Try a multiclass task: if your label has more than two values (e.g. never / light / heavy smoker), change task_type="multiclass_classification" and use eval_metric="macro_f1" or "accuracy".
Register the model for reuse: uncomment the bonus section at the bottom of either script.

Troubleshooting

Predictions are all the same class

Check the class balance in train.csv — if it’s heavily skewed, consider re-sampling or training for more epochs with a lower learning rate. Also verify that the RELATED edges correlate with shared smoking status; without an informative network, the GNN reduces to a tabular model.

GNN training is very slow

GNN training runs on the RelationalAI engine you’ve provisioned. The device flag in the script picks which engine flavor to use — "cuda" for GPU-enabled engines (default; significantly faster), "cpu" for CPU-only engines. If training is slow with device="cuda", your engine may not actually have GPU; check the engine type or fall back to "cpu".

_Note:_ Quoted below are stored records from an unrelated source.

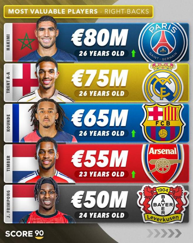 6月13日西甲日報宣報訊2024-25賽季結(jié)束,Score 90更新了右后衛(wèi)身價排行,巴黎圣日耳曼后衛(wèi)阿什拉夫8000萬歐元第一,皇馬新援阿諾德7500萬歐元第二。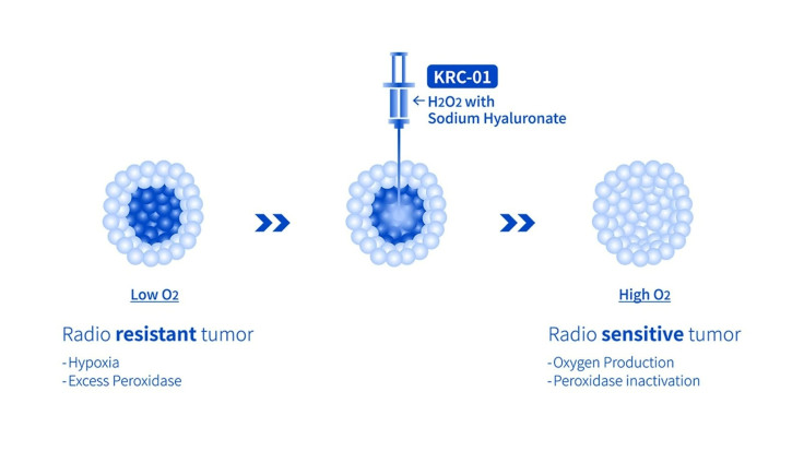 When KRC-01 is injected directly into a tumor shortly before radiation treatment, it temporarily increases oxygen levels inside oxygen-poor tumor regions. It also neutralizes certain enzymes that help tumors maintain low-oxygen conditions. Together, this creates a brief window where radiation can work more effectively.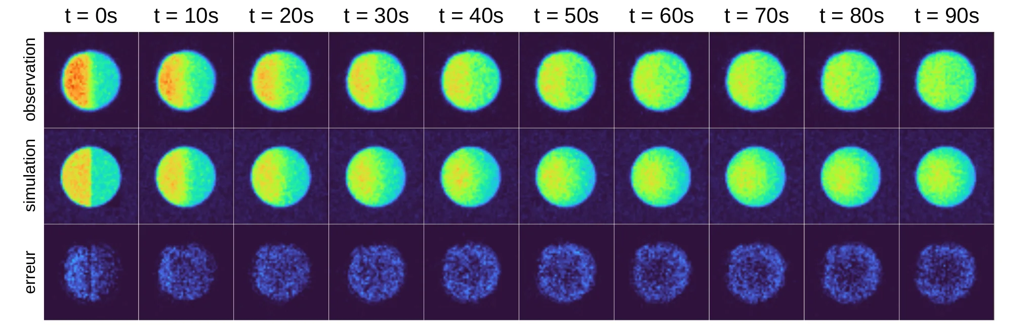 Dans ce projet commun avec l’équipe de Fabian Erdel, nous visons à mieux comprendre comment les condensats se forment au sein des cellules, grâce aux techniques d’imagerie FRAP. Après un photoblanchiment, les molécules fluorescentes se déplacent et récupèrent progressivement un état stationnaire. En analysant les séquences d’images pendant la récupération, nous pouvons évaluer des paramètres biophysiques tels que la perméabilité de la membrane, les coefficients de diffusion à l’intérieur et à l’extérieur du condensat, la probabilité de se lier à d’autres éléments, etc. Cela nécessite une modélisation physique précise, des algorithmes numériques et une certification des solutions.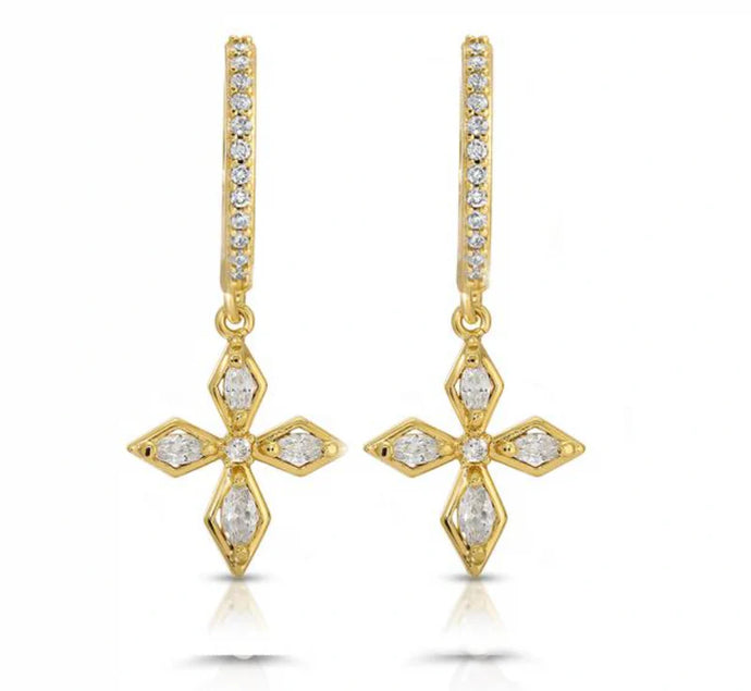 SKN- CZ PAVE DANGLE HUGGIE EARRINGS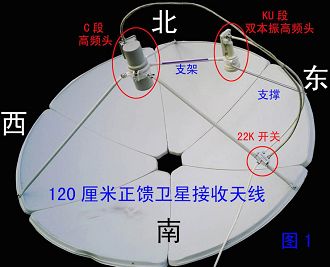 按照图上介绍的,在支架的小圈安上“KU段双本振高频头”,从C段高频头的边到KU高频头的中间,距离是28厘米,方向基本是正东,极化方式为垂直,对向天线的角度基本和C段高频头平行,KU高频头的前平面比C段高频头的前平面位置高约1-2厘米。把接收机接在KU高频头上,用遥控器设定参数:本振频率:09750、下行频率:11334、符号率:06511、极化方式:垂直、22K:关……。边看“信号质量”的多少,边慢慢转动KU高频头的方位和上下位置,直到找到最佳信号质量,定住支架螺丝,按遥控器“确认”或“OK”。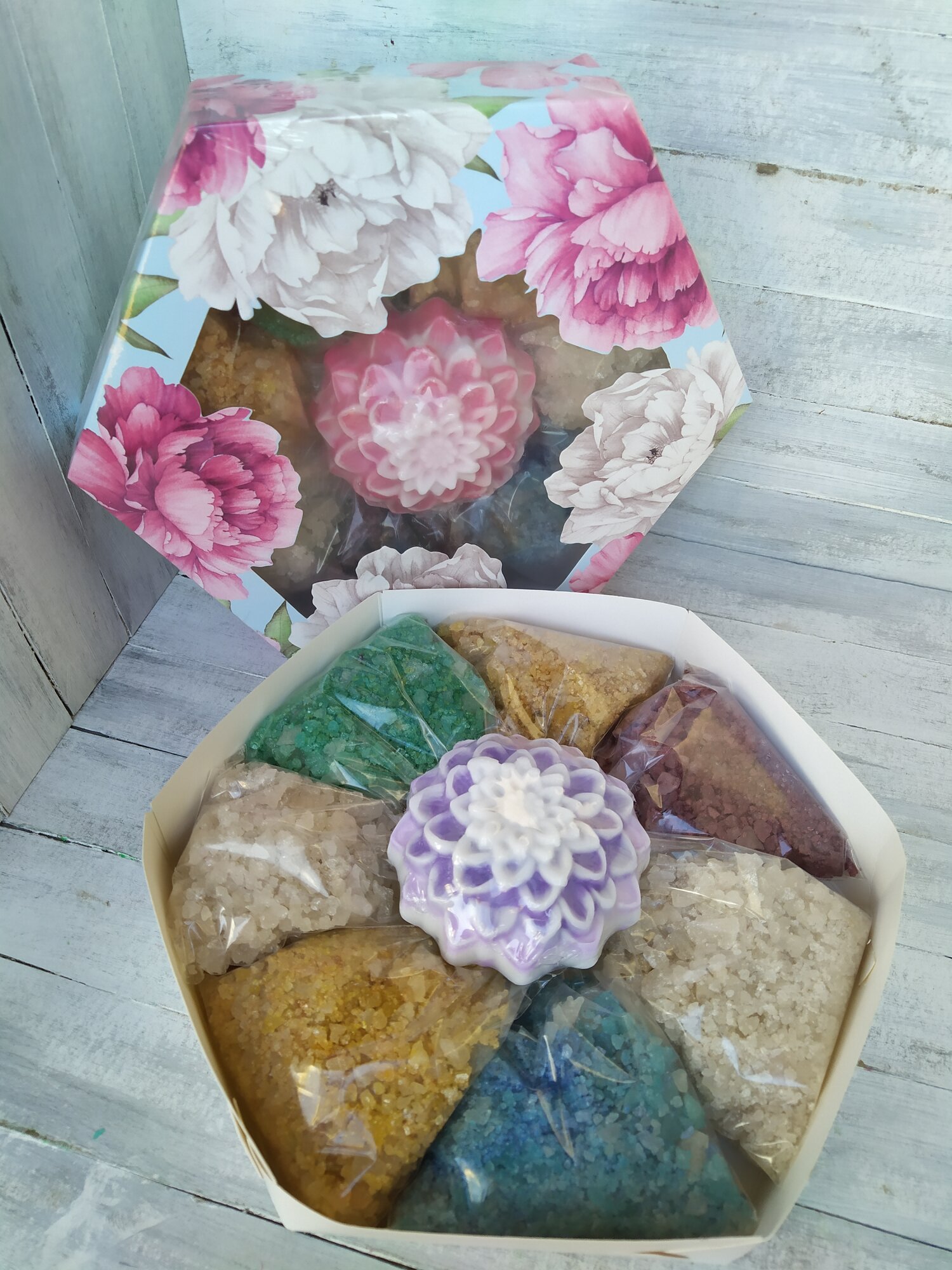 Купить Подарочный набор для женщин" Цветик-семицветик" морская соль для ванны в ассортименте и мыло ручной работы, 990 г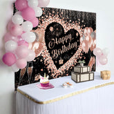 Aperturee Black Rose Gold Balloons Happy Birthday Backdrop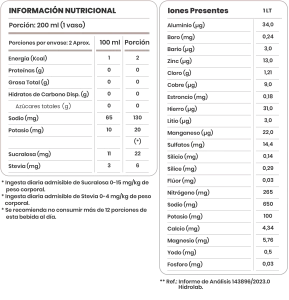 Gracias a su contenido natural de sodio, potasio, magnesio y otros minerales presentes de forma equilibrada, contribuye a mantener la función muscular, el equilibrio electrolítico y la activación del cuerpo. Su sabor suave y refrescante la hace ideal para el consumo diario, antes, durante o después del ejercicio.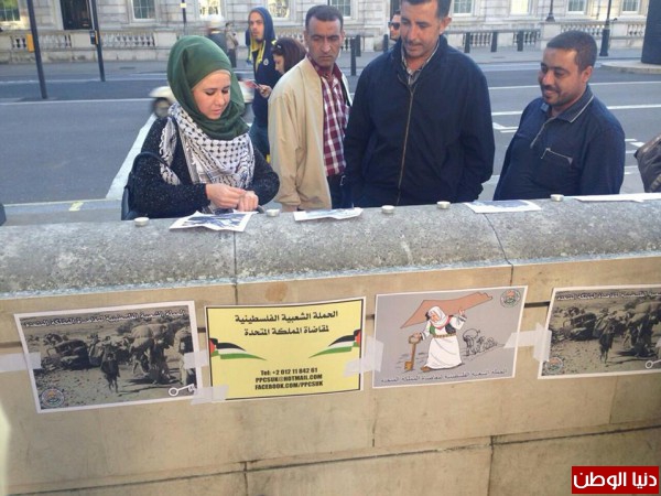 قامت الحملة الشعبية لمقاضاة المملكة المتحدة بتنظيم وقفة احتجاجية امام مكتب رئيس وزراء بريطانيا في لندن أمس الأحد 25/5/2011 أضيئت فيها الشموع ووضعت فيها الأزهار كتعبير عن الحزن على ضحايا النكبة وتم تسليم رسالة باسم الحملة الشعبية لمقاضاة بريطانيا قضائيا لرئيس الوزراء البريطاني لمطالبة بريطانيا بالاعتراف قانونيا بمسؤوليتها عن ما حدث للشعب الفلسطيني

Permissions error from RelationalAI native app

The native app needs USAGE on the database and CREATE EXPERIMENT / CREATE MODEL on the experiment schema. Run:

SET db_name            = '<db>';
SET schema_experiments = '<db>.<exp_schema>';
SET app_name           = 'RELATIONALAI';   -- replace with your app name

CREATE DATABASE IF NOT EXISTS identifier($db_name);
CREATE SCHEMA   IF NOT EXISTS identifier($schema_experiments);

GRANT USAGE             ON DATABASE identifier($db_name)            TO APPLICATION identifier($app_name);
GRANT USAGE             ON SCHEMA   identifier($schema_experiments) TO APPLICATION identifier($app_name);
GRANT CREATE EXPERIMENT ON SCHEMA   identifier($schema_experiments) TO APPLICATION identifier($app_name);
GRANT CREATE MODEL      ON SCHEMA   identifier($schema_experiments) TO APPLICATION identifier($app_name);

rai init fails or connection errors

Ensure your Snowflake credentials are configured correctly and that the RAI Native App is installed on your account. Run rai init again and verify the connection settings.